* **GIVEN ENTRIES**

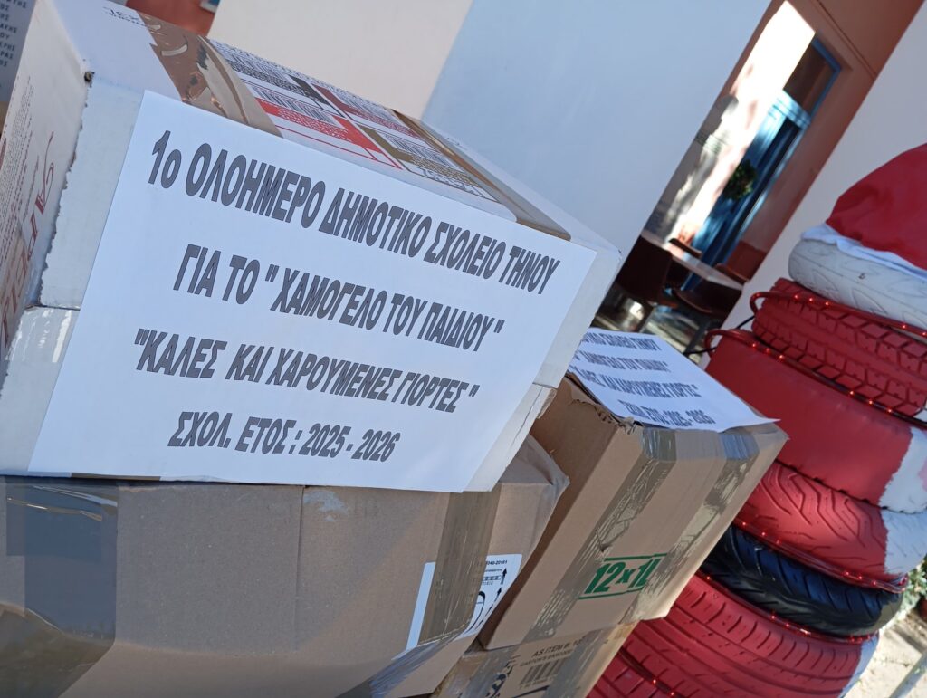 Για ακόμη μία χρονιά, οι μαθητές και οι μαθήτριες όλων των τάξεων του 1ου Δημοτικού Σχολείου Τήνου έδειξαν έμπρακτα την αλληλεγγύη και την ευαισθησία τους, συγκεντρώνοντας τρόφιμα και είδη πρώτης ανάγκης για τον οργανισμό «Το Χαμόγελο του Παιδιού».
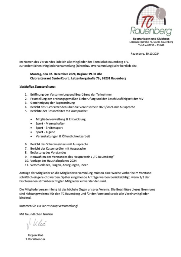 ab 19.00 Uhr die Mitgliederversammlung des TC Rauenberg e.V.
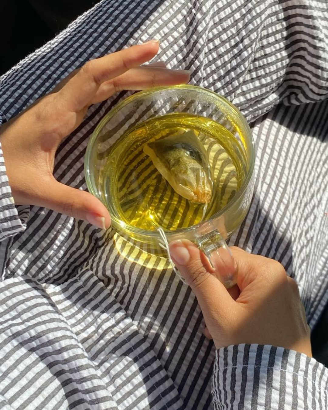 When skin feels reactive, I often see it as the body asking for calm. Warm water with turmeric and a pinch of black pepper supports the body’s natural anti-inflammatory response. Spearmint tea is another option I keep coming back to, especially when breakouts feel hormonal or stress-related. Tulsi water is also used first thing in the morning to support immunity and reduce internal heat, which often shows up on the skin.
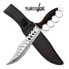 14" overall with a 7 1/4"440 stainless steel blade. Blade is designed with large serrations ontop with hole designs through out the blade. The handle is inlay edwith a wood insert and includes a sheath.
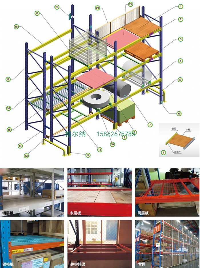 三、結構重型貨架由立柱、橫梁、橫撐、斜撐以及自鎖螺栓組裝而成,可以有效防止螺栓松動后引發貨架失穩;橫梁采用特制的冷軋P型閉口梁;該結構具有簡單可靠、重量輕、承載力強、造價低的特點;柱卡與立柱連接時配有特殊設計安全銷,可以確保橫梁在外力撞擊下不會脫落;層板采用國際上做的條狀層板,具有承載力強、耐磨損、更換簡單、維修成本低廉的特點。
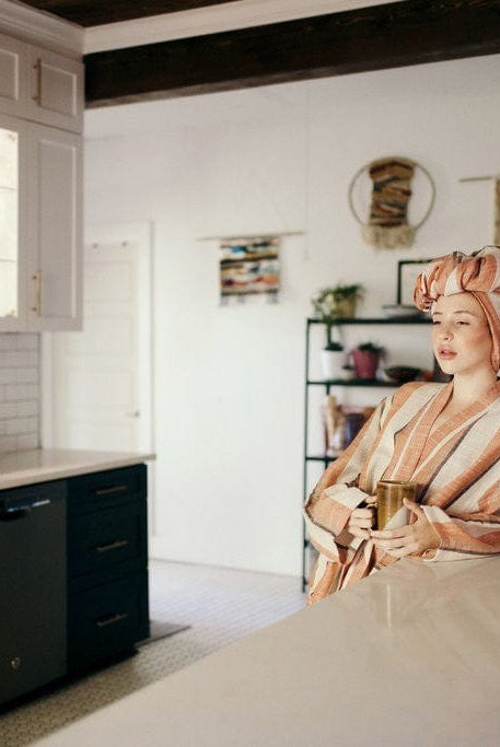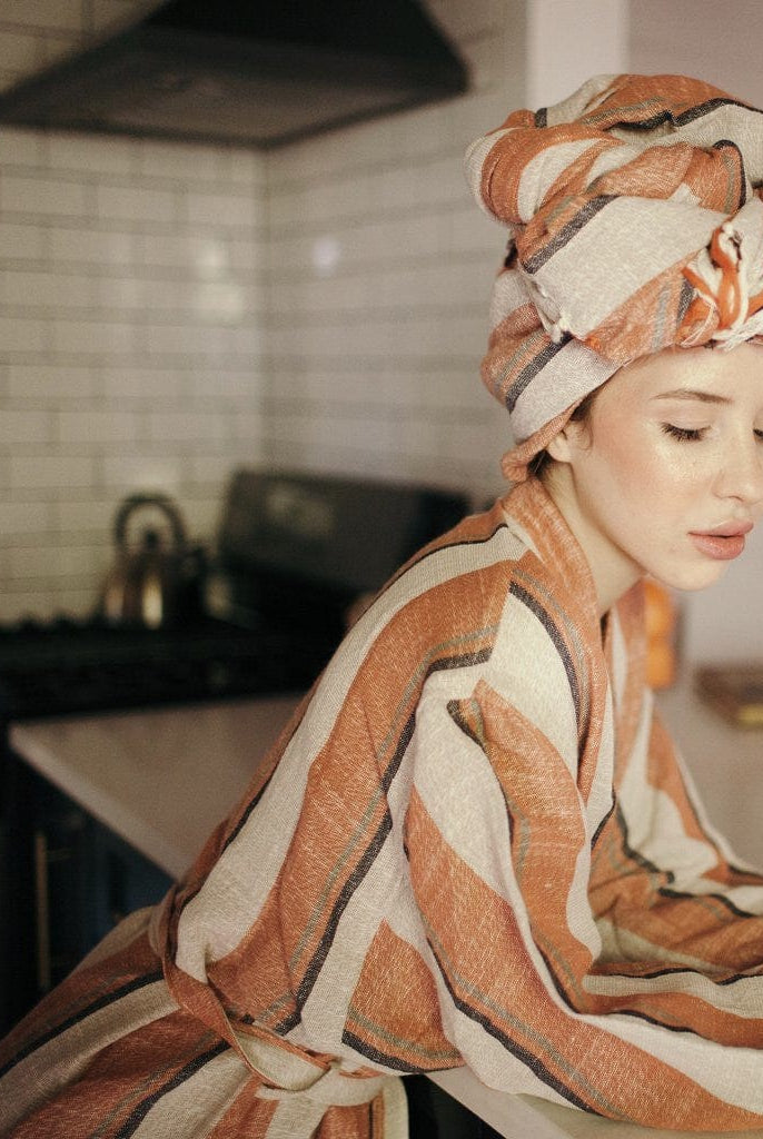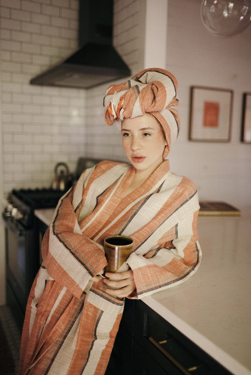 Constructed from our beloved handwoven Turkish towels, these robes are both incredibly absorbent for post-shower or swim while also pairing beautifully as a light day coat over clothing.
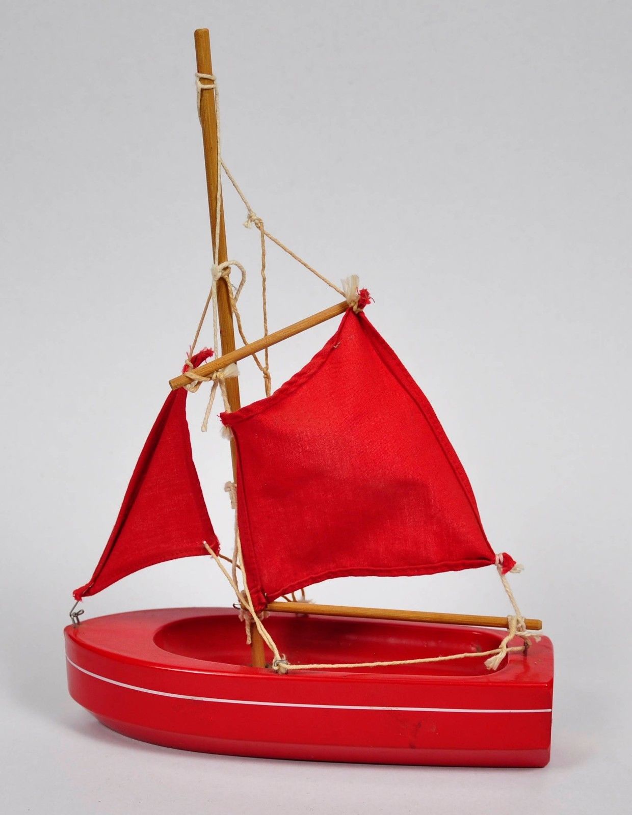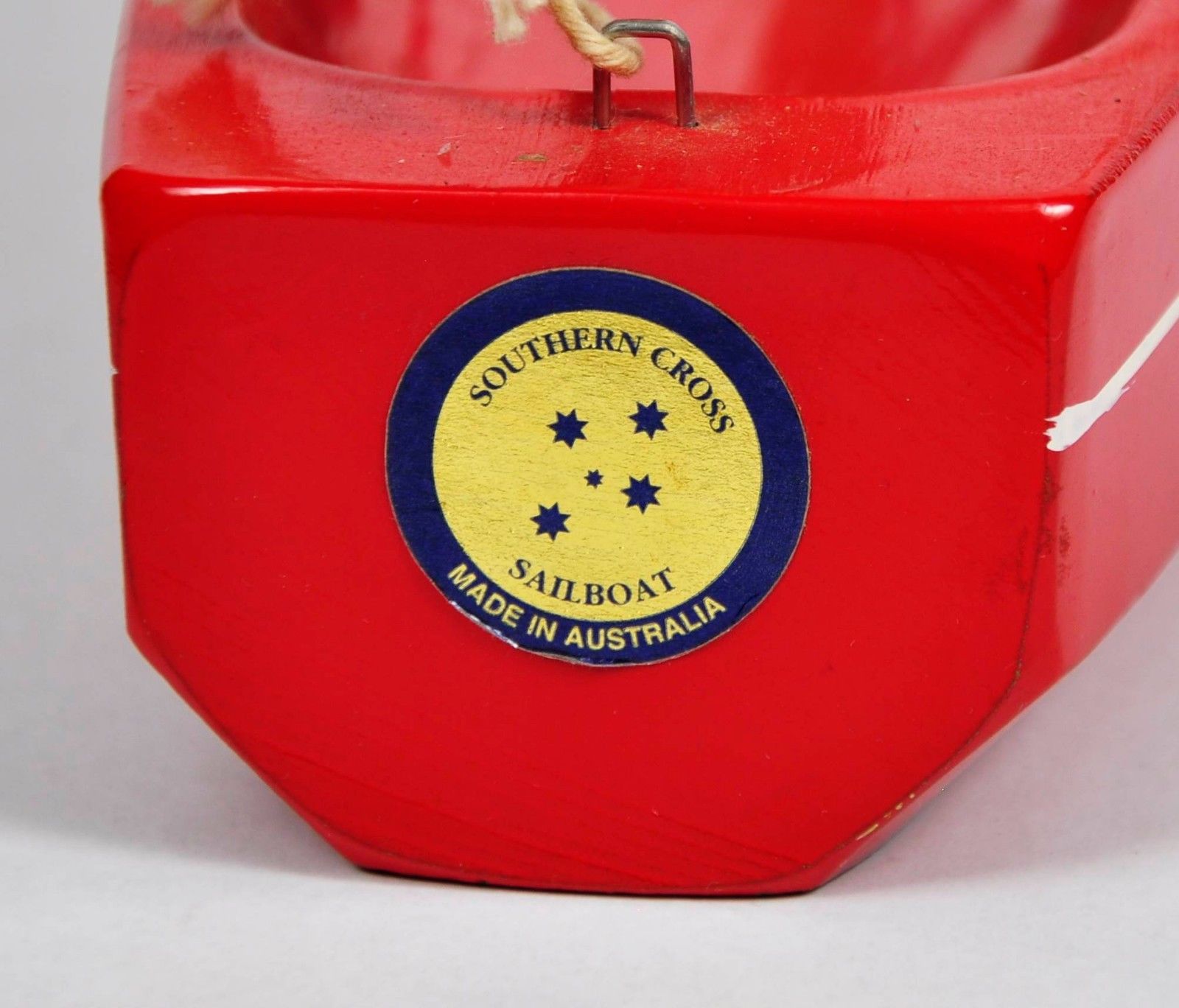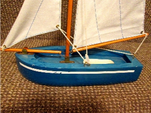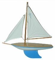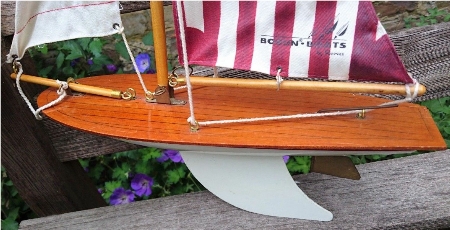 The Star Yacht Works supplied in small batches, basic unstamped yachts to other companies that were then re-badged, one of these being Nelson. Nothing is known about the company now but there is one 16 inch example in blue paint and a smaller green one that we have for comparison. The finish of the yacht is the same standard of that of the Britannia with a good quality deck logo transfer.

* **ABOUT THIS EXERCISE**
Pictures excluded, transcribe the listing above exactly from the line with "When skin feels" through the line with "Constructed from our", and no further.

* **RESULT BELOW**
 When skin feels reactive, I often see it as the body asking for calm. Warm water with turmeric and a pinch of black pepper supports the body’s natural anti-inflammatory response. Spearmint tea is another option I keep coming back to, especially when breakouts feel hormonal or stress-related. Tulsi water is also used first thing in the morning to support immunity and reduce internal heat, which often shows up on the skin.
 14" overall with a 7 1/4"440 stainless steel blade. Blade is designed with large serrations ontop with hole designs through out the blade. The handle is inlay edwith a wood insert and includes a sheath.
 三、結構重型貨架由立柱、橫梁、橫撐、斜撐以及自鎖螺栓組裝而成,可以有效防止螺栓松動后引發貨架失穩;橫梁采用特制的冷軋P型閉口梁;該結構具有簡單可靠、重量輕、承載力強、造價低的特點;柱卡與立柱連接時配有特殊設計安全銷,可以確保橫梁在外力撞擊下不會脫落;層板采用國際上做的條狀層板,具有承載力強、耐磨損、更換簡單、維修成本低廉的特點。
 Constructed from our beloved handwoven Turkish towels, these robes are both incredibly absorbent for post-shower or swim while also pairing beautifully as a light day coat over clothing.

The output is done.